PROBLEM TO WORK ON: Only the lines below from the one that holds "Síelő hóember karácsonyi" through the one that holds "活动中,退休老同志和爱好跑步" should appear in the answer, copied exactly, end lines included and pictures omitted.

THE INPUT:
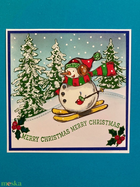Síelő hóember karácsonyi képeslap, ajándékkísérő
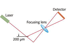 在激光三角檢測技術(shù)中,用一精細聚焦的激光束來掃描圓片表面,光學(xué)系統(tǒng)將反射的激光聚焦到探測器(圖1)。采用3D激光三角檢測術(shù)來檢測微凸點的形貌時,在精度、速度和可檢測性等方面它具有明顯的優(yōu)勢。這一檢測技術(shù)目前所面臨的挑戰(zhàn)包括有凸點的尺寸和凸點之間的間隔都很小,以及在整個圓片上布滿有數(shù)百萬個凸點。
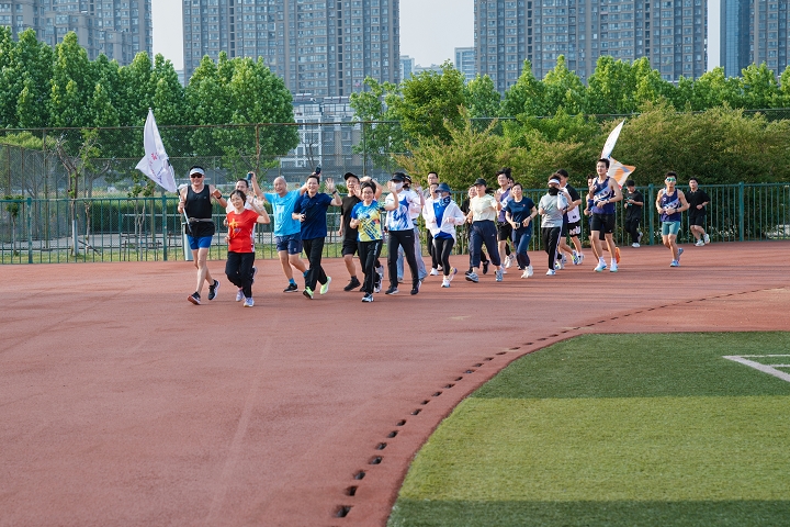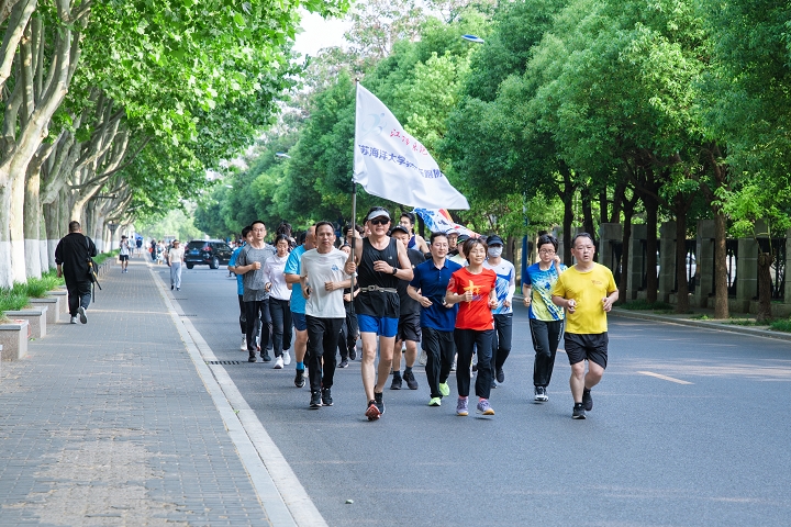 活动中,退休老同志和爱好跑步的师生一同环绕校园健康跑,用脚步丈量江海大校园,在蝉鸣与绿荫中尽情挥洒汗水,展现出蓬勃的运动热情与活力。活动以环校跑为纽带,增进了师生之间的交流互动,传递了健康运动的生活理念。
---
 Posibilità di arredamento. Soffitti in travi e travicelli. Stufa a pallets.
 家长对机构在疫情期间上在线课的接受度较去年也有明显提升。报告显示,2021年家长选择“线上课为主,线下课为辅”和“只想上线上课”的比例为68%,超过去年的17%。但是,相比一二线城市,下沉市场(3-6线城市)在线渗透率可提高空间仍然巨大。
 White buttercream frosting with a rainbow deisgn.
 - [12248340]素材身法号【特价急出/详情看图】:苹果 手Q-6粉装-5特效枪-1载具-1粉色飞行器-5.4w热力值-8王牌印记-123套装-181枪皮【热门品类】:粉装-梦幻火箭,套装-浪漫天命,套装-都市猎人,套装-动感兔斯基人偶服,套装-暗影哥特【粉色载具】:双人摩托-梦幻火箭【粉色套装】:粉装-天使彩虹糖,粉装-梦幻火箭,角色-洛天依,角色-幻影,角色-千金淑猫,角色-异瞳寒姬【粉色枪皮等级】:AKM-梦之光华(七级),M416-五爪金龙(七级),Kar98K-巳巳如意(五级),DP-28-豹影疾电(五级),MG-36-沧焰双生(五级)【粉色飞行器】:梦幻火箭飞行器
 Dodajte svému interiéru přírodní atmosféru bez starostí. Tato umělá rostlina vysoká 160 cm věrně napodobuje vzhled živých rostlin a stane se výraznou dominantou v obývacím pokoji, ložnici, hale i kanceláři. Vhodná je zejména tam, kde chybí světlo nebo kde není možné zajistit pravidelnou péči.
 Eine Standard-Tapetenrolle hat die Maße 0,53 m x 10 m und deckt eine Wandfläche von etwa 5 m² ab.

WORKED SOLUTION:
Síelő hóember karácsonyi képeslap, ajándékkísérő
 在激光三角檢測技術(shù)中,用一精細聚焦的激光束來掃描圓片表面,光學(xué)系統(tǒng)將反射的激光聚焦到探測器(圖1)。采用3D激光三角檢測術(shù)來檢測微凸點的形貌時,在精度、速度和可檢測性等方面它具有明顯的優(yōu)勢。這一檢測技術(shù)目前所面臨的挑戰(zhàn)包括有凸點的尺寸和凸點之間的間隔都很小,以及在整個圓片上布滿有數(shù)百萬個凸點。
 活动中,退休老同志和爱好跑步的师生一同环绕校园健康跑,用脚步丈量江海大校园,在蝉鸣与绿荫中尽情挥洒汗水,展现出蓬勃的运动热情与活力。活动以环校跑为纽带,增进了师生之间的交流互动,传递了健康运动的生活理念。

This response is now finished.